The majority of the gold is found in sub-volcanic intrusives of quartz-syenite to quartz-monzonite composition and is accompanied by traces of zinc, copper and lead.
Higher grade gold mineralisation occurs in 800m wide elliptical shaped porphyritic intrusions.
Drilling and blast mining methods are used to recover ore from the open pit mine. Hitachi hydraulic shovels excavate the ore and load them onto Caterpillar dump trucks and front-end loaders. About ten haul trucks operate at the mine.
The heap leaching method is used to process the run-of-mine ore. The mined ore is passed through a three stage crushing system consisting of a gyratory crusher and four cone crushers supplied by Metso Minerals. The crushers reduce the ore to 80% and to a size of 6.3mm for leaching.

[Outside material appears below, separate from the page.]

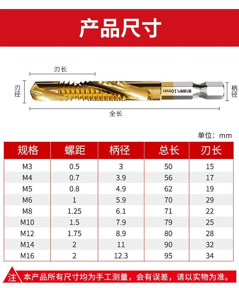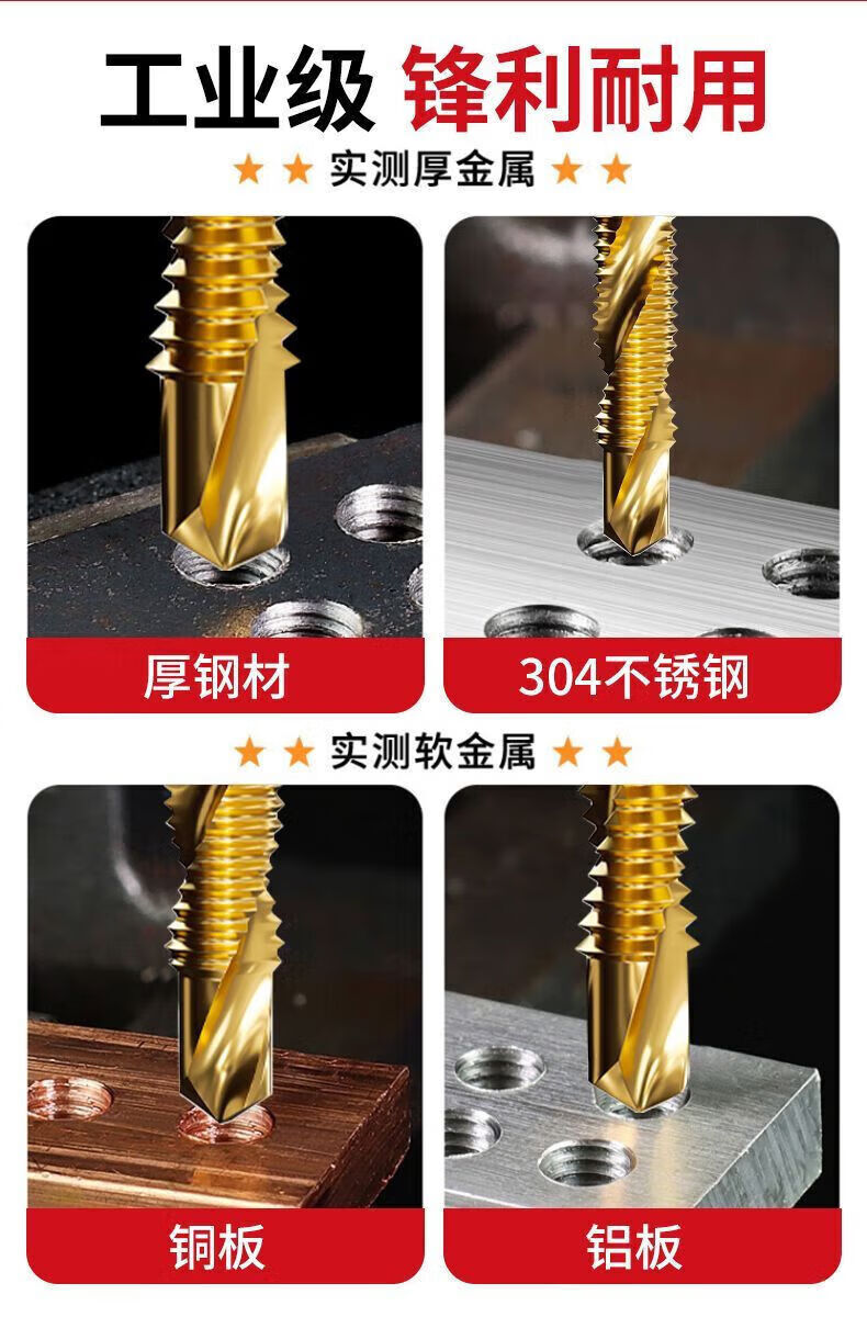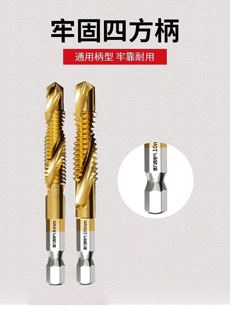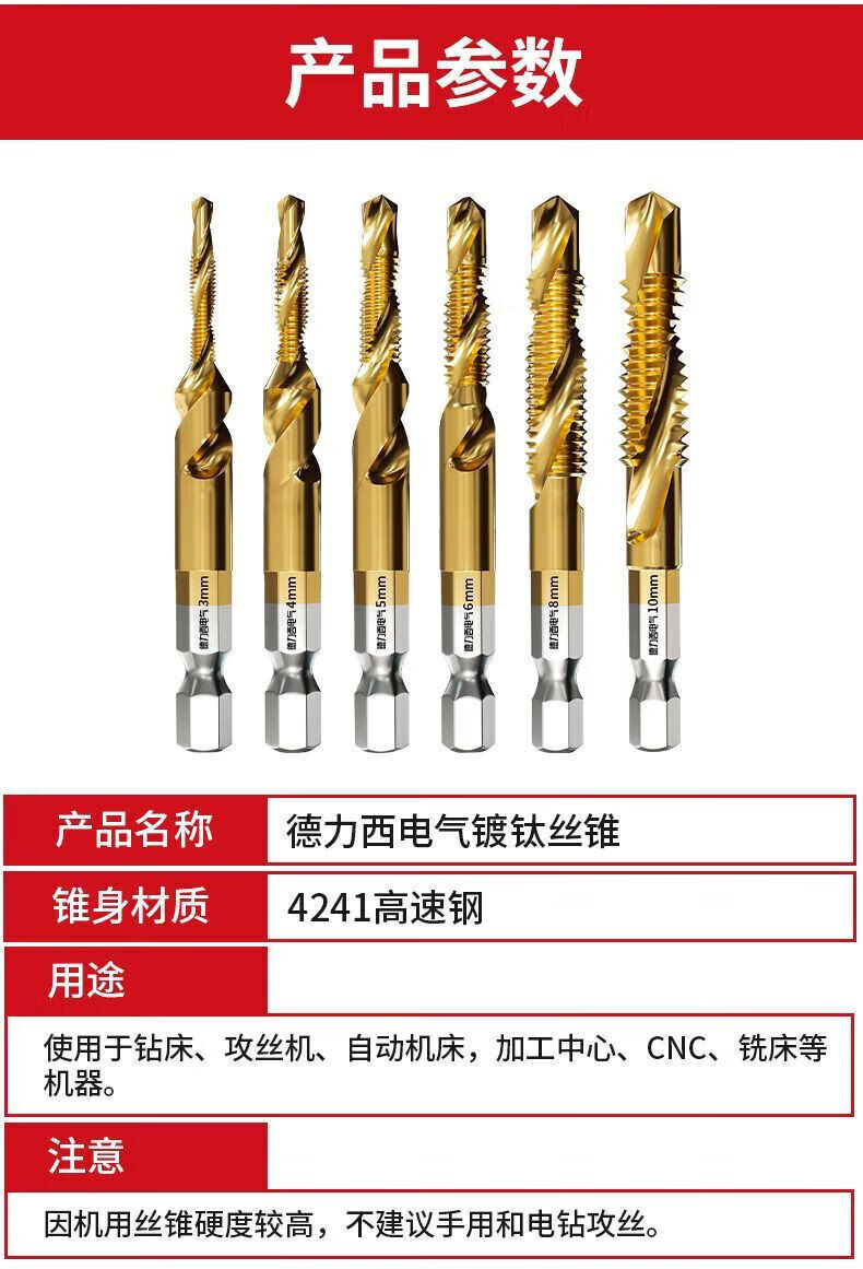 Delixi Electric titanium-plated composite wire tapping taper drill and punching hole integrated hexagonal threaded drill bit tapping self-tapping screw high-speed steel 3+4+5+6+8+10 6 pieces in total

Crushed ore is then transferred to the heap leach pad through conveyors in 10m lifts. Several portable conveyors and a radial stacker transfer the ore onto the pad. The heap leach pad consists of two liner systems – a layer of low permeability clay soil and a 2mm thick synthetic liner.

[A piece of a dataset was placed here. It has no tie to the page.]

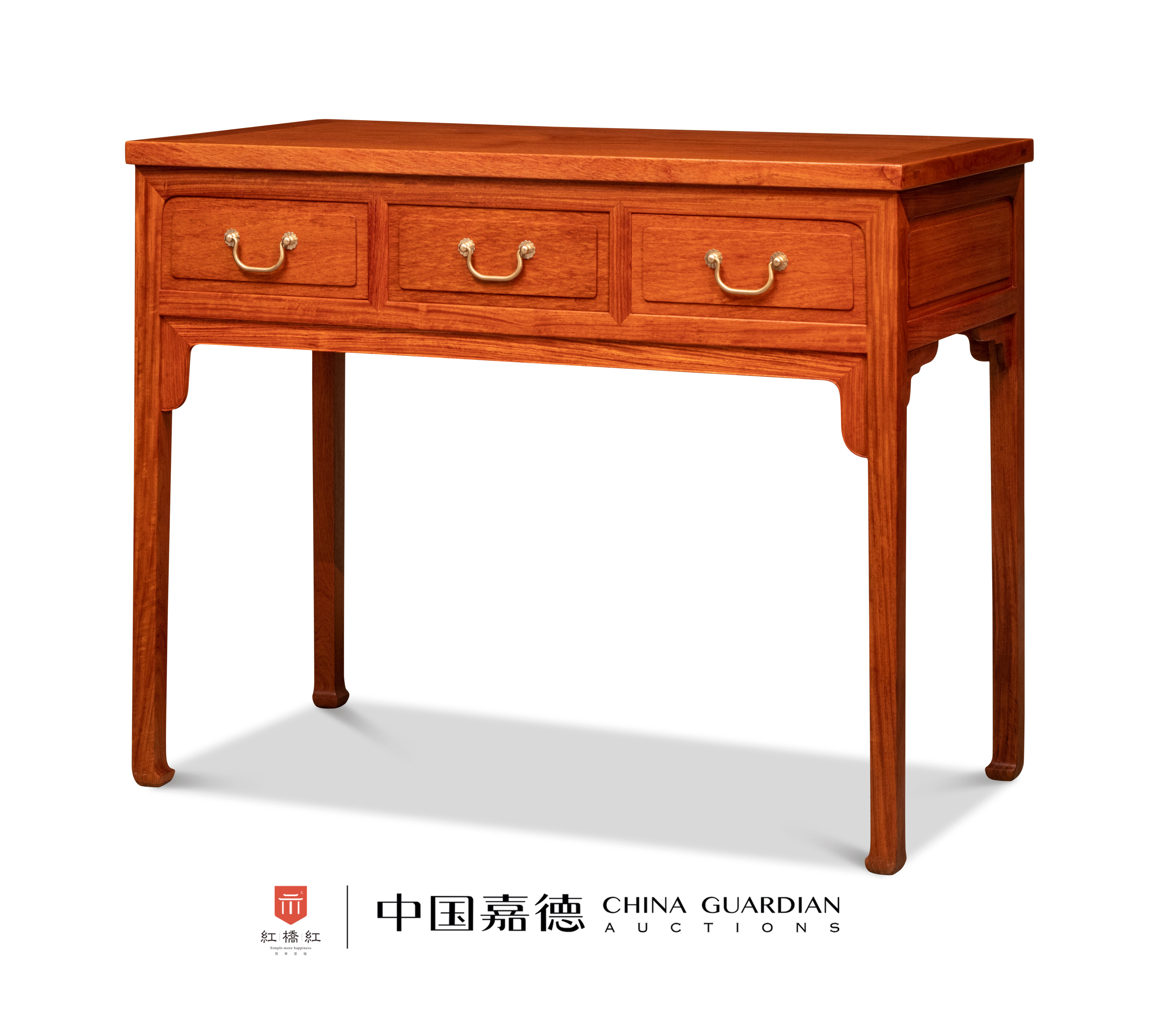 书桌无束腰,三屉,方材,马蹄足,式样简洁。缅甸花梨木制,色泽温润,木纹美观,或顺直,或自然。桌面以格角榫攒框平镶独板面心,边抹平直。无束腰,面下安抽屉架和三具抽屉,抽屉脸落堂起鼓做,侧面亦然,可见细节考究。抽屉脸上安弧形拉环,使用便利,金黄的铜件与红润的木质形成对比。抽屉架下又安光素的刀牙板加固,结构严谨。四足方材,内收扁马蹄。置于书房,收纳趁手,简洁美好。
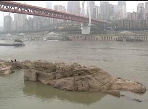 长江边,两条百多米长的顺江石梁,形如卧龙,将流经于此的江水一分为二,这便是重庆人熟知的龙门浩。而其中最引人注目的,是刻着“龙门浩月”四个红色大字的“神龟”巨石。记者在现场看到,多年来大部分主体都藏身于水下的“神龟”,几乎整体露出了江面。不少市民和摄影爱好者纷纷赶来,一堵这难得一遇的奇景。

Leached ore is sent to the carbon adsorption plant (ADR) to recover gold. The ADR plant features two trains of carbon columns containing five columns each.

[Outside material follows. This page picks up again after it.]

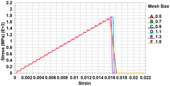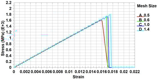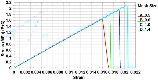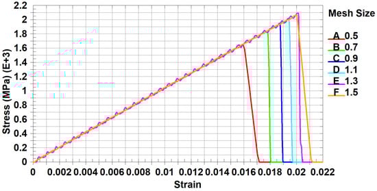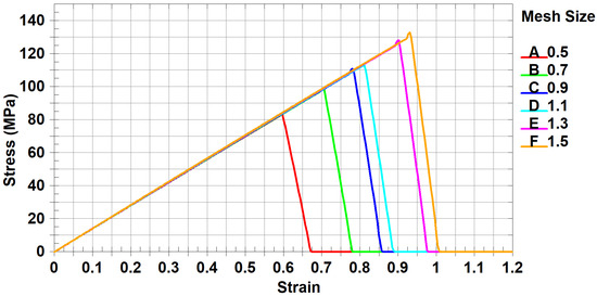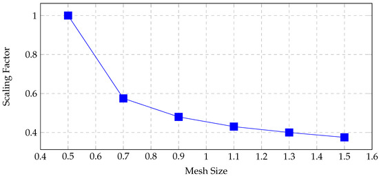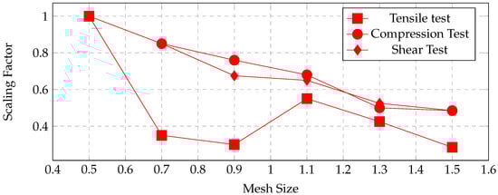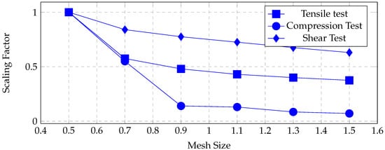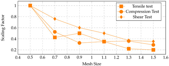 To determine the scaling factor, the failure strain () for each mesh size was calculated using Equation (16). Then the scaling factor can be determined as follows:
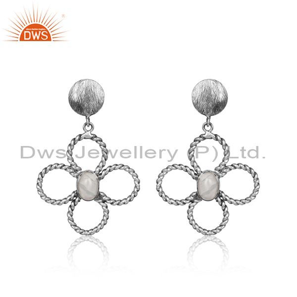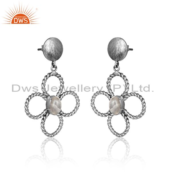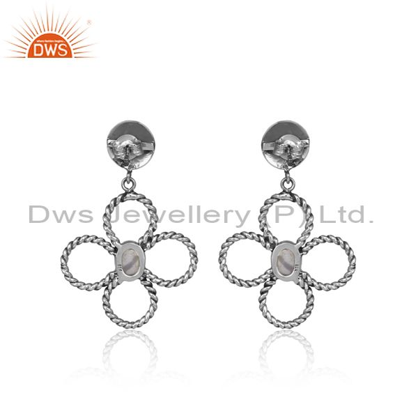 Handcrafted Twisted Oxidized Silver Rainbow Moonstone Earring

Gold from the leach pad is treated with activated carbon and periodically removed for treatment. The Zadra process consisting of pressure stripping, electrowinning and smelting is used to recover gold from the carbon. The final product is a gold bar which can be processed to 99.999% purity.
Eldorado initiated a feasibility study to examine the expansion of the mine. Results of the study were announced in August 2011.
Eldorado plans to invest $345m to launch phase four expansion of the mine based on the feasibility study. The company expects to recover about 6.2Moz of gold between 2012 and 2026 during this phase.
The crushing and screening plant will be expanded by installing a parallel circuit to process the increased production. A new conveyor and stacking system will also be added to carry the mined ore to the leach pad. A second ADR facility is expected to be added. Additional trucks and loading equipment will also be procured.A supplementary Environmental Impact Assessment (EIA) for expanding the project’s throughput from 12.5Mtpa up to a maximum of 35Mtpa was approved by the Turkish authorities in June 2014.
Engineering work on an additional 7.5Mtpa crushing/screening circuit and its integration with the new gyratory crusher station started in the third quarter of 2014.
Kisladag produced 306,182oz of gold from 13.2 million tonnes of ore in 2013, at a cash cost of $338 an ounce. Gold production from the mine during the nine months ending in September 2014 stood at 222,085oz, at a cash cost of $454/oz.